Pain is the most common and disabling symptom of rheumatoid arthritis (RA). Although physicians often assume that inflammation is the stimulus for pain, many RA patients continue to have pain despite adequately suppressed inflammation. A review on pain catastrophizing [2] found that it is positively related, in both cross-sectional and prospective studies across different musculoskeletal conditions, to the reported severity of pain, affective distress, muscle and joint tenderness, pain-related disability, poor outcomes of pain treatment, and, potentially, to inflammatory disease activity. Moreover, these associations generally persist after controlling for symptoms of depression. There appear to be multiple mechanisms by which catastrophizing exerts its harmful effects, from maladaptive influences on the social environment to direct amplification of the central nervous system's processing of pain.

Several prospective studies have illustrated the longitudinal association of catastrophizing with pain in RA. In daily diary studies, patients with RA who exhibited greater catastrophizing reported more day-to-day pain and attention to pain than low catastrophizers. Findings from another prospective study suggested that baseline catastrophizing scores predicted enhanced pain and depression in patients with RA at 1-year follow-up. Catastrophizing may also influence the success of pain-related treatments in patients with musculoskeletal disease.

Our group found the level of pain catastrophizing to be highly associated to all patient's reported outcomes (joint pain VAS, patient's global VAS, MHAQ, tender joints) as well as composite scores (DAS28, SDAI, CDAI) in contrast to no associations with the more objective assessments (swollen joints, laboratory and ultrasound assessments) in established RA patients starting bDMARD [3]. This may have important consequences regarding the evaluation of disease activity of patients with established.

We also found that the level of pain catastrophizing decreased during the one- year study, indicating that pain catastrophizing may be influenced by the clinical treatment including both psychosocial and medical factors. In addition, patients shifting from being pain catastrophizers to not being pain catastrophizers after one year, showed significantly lower levels of patient's reported outcomes than patients staying pain catastrophizers, in spite of no differences in objective measures of disease activity.

Thus, pain catastrophizing is a critically important variable in understanding the experience of pain in rheumatologic disorders as well as other chronic pain conditions. It is important to be aware of the level of pain catastrophizing in the evaluation of medical treatment of patients with different inflammatory rheumatic diseases.

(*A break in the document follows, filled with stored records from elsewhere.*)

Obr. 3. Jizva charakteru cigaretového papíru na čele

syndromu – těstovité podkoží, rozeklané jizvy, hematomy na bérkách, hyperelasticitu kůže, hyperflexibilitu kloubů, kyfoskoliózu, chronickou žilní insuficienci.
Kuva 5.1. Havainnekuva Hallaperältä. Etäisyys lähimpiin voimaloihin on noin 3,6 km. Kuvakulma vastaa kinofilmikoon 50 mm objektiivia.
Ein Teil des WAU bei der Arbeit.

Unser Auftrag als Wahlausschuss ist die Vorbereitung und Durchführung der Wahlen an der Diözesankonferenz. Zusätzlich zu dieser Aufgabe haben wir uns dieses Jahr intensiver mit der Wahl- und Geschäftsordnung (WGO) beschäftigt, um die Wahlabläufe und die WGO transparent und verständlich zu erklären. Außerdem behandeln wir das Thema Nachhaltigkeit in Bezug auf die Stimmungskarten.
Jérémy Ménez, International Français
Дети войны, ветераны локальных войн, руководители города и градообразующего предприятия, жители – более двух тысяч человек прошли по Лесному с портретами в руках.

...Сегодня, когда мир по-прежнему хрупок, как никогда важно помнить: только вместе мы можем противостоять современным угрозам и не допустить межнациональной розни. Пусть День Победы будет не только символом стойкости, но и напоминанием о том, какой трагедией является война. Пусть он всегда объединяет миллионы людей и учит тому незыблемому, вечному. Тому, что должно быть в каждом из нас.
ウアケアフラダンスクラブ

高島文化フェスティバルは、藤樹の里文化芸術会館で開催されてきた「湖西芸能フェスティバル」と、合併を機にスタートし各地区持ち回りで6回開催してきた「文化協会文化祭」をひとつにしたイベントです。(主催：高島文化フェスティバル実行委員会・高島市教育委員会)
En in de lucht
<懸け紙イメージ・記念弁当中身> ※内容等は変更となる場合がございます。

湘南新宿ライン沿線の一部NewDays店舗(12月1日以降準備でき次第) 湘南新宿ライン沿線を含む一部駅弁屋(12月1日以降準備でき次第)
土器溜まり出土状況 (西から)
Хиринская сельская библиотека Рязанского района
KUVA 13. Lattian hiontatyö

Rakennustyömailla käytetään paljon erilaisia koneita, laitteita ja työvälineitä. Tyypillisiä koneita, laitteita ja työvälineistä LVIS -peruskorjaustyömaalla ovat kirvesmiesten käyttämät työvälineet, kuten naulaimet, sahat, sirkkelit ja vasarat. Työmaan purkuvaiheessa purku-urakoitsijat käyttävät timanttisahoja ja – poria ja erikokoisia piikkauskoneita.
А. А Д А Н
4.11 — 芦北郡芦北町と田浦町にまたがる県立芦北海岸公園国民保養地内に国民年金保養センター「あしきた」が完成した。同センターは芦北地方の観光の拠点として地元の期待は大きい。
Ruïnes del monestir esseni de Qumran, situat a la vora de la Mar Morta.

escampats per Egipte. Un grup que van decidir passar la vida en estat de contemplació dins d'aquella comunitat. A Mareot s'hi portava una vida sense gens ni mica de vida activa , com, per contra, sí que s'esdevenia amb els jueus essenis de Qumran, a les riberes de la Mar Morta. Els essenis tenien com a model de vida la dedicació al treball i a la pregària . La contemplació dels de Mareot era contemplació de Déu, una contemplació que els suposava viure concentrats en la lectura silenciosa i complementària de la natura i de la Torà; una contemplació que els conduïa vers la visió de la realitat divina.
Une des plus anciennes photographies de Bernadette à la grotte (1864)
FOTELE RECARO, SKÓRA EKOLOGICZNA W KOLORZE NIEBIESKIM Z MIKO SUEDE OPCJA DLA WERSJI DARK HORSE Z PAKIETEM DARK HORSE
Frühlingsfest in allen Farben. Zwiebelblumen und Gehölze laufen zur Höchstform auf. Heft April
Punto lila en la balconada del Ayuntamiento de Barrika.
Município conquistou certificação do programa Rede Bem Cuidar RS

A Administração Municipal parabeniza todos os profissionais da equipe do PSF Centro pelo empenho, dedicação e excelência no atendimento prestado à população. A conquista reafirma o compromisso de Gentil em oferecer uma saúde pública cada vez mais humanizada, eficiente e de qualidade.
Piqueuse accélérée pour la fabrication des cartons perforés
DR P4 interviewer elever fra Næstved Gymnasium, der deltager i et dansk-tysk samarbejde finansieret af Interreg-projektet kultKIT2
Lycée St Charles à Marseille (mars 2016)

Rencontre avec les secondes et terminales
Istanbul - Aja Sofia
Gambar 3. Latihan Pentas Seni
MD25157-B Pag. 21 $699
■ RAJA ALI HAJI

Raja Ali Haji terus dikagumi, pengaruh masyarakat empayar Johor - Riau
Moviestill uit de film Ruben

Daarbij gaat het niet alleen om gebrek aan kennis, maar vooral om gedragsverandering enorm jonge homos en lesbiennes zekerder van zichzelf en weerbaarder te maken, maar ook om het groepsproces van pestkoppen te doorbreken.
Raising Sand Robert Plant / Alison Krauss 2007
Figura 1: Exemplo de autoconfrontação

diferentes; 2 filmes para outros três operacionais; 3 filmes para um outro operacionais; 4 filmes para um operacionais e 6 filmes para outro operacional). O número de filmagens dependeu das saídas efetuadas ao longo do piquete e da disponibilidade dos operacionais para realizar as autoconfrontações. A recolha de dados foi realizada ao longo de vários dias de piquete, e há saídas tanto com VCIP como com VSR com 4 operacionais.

1. Quartana PJ, Campbell CM, Edwards RR. Pain catastrophizing: a critical review. Expert Rev Neurother 2009; 9(5): 745–758

2. Edwards RR, Bingham CO, Bathon J, Haythornthwaite JA. Catastrophizing and Pain in Arthritis, Fibromyalgia, and Other Rheumatic Diseases. Arthritis & Rheumatism (Arthritis Care & Research) 2006; 55(2): 325–332.

3. Hammer HB, Uhlig T, Lampa J. Pain catastrophizing has a major impact on both subjective and composite outcomes in patients with rheumatoid arthritis; results from a longitudinal study of patients starting bDMARDs. To be submitted.